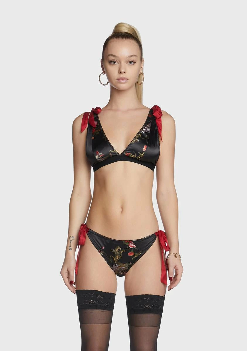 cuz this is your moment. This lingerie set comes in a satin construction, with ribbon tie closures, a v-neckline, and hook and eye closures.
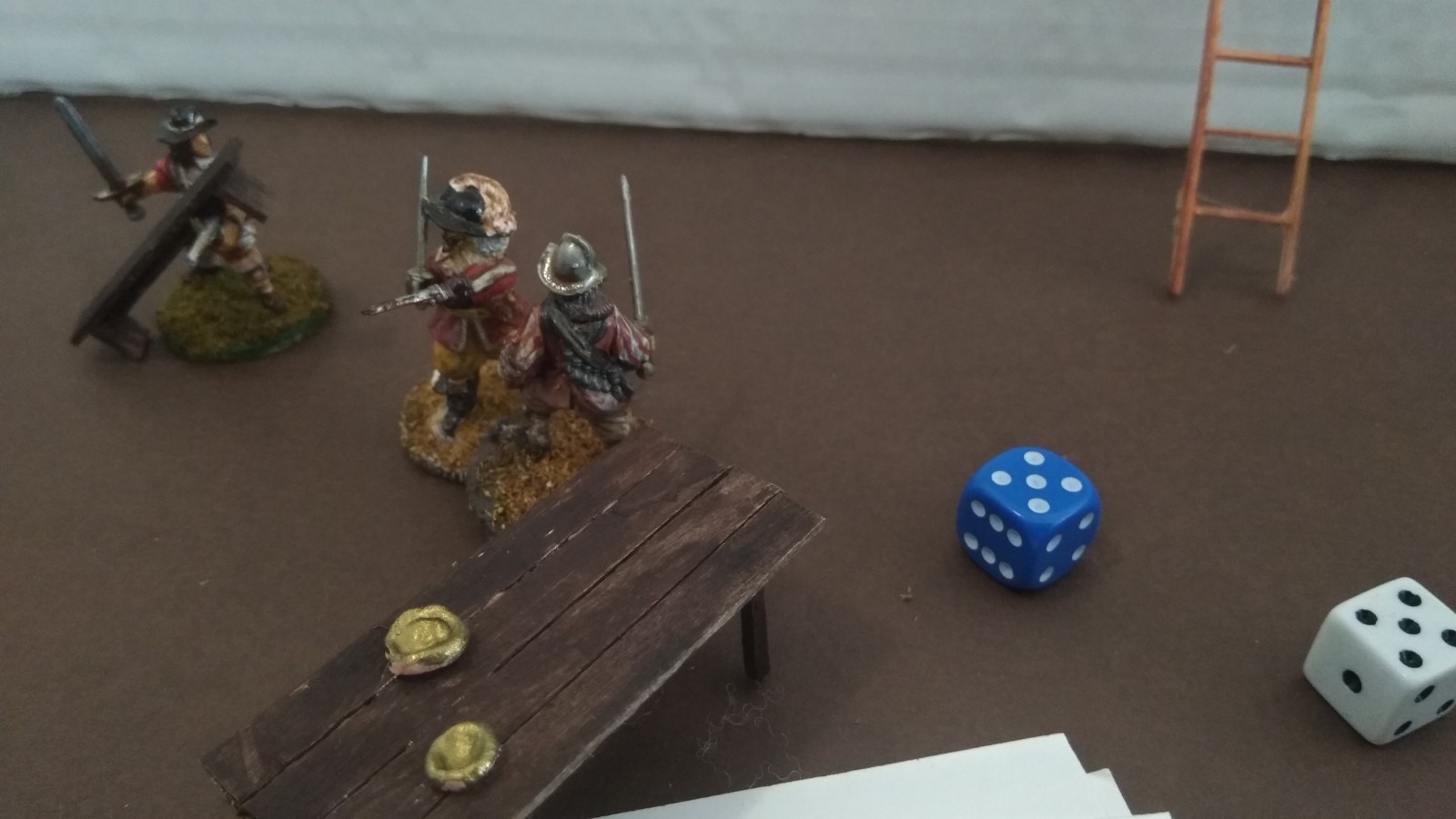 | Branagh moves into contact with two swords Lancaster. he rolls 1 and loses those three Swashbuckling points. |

☆ ☆ ☆ ☆ ☆

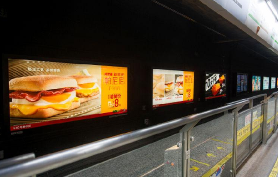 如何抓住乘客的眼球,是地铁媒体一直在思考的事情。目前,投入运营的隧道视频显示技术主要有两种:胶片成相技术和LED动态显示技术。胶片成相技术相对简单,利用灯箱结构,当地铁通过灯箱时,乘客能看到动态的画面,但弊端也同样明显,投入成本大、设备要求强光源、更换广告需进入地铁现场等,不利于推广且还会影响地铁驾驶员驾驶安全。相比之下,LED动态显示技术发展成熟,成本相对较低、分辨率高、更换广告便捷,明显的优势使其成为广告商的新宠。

☆ ☆ ☆ ☆ ☆

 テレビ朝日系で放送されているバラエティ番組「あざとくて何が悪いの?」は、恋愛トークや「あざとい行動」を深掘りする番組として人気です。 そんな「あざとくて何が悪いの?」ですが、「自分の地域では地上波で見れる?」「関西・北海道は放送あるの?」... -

☆ ☆ ☆ ☆ ☆

• Problem description: Only the lines above starting with the line with "cuz this is" and going on through the line with "Swashbuckling points. |" belong in the answer; repeat them exactly, minus any picture.

• Exercise output:
 cuz this is your moment. This lingerie set comes in a satin construction, with ribbon tie closures, a v-neckline, and hook and eye closures.
 | Branagh moves into contact with two swords Lancaster. he rolls 1 and loses those three Swashbuckling points. |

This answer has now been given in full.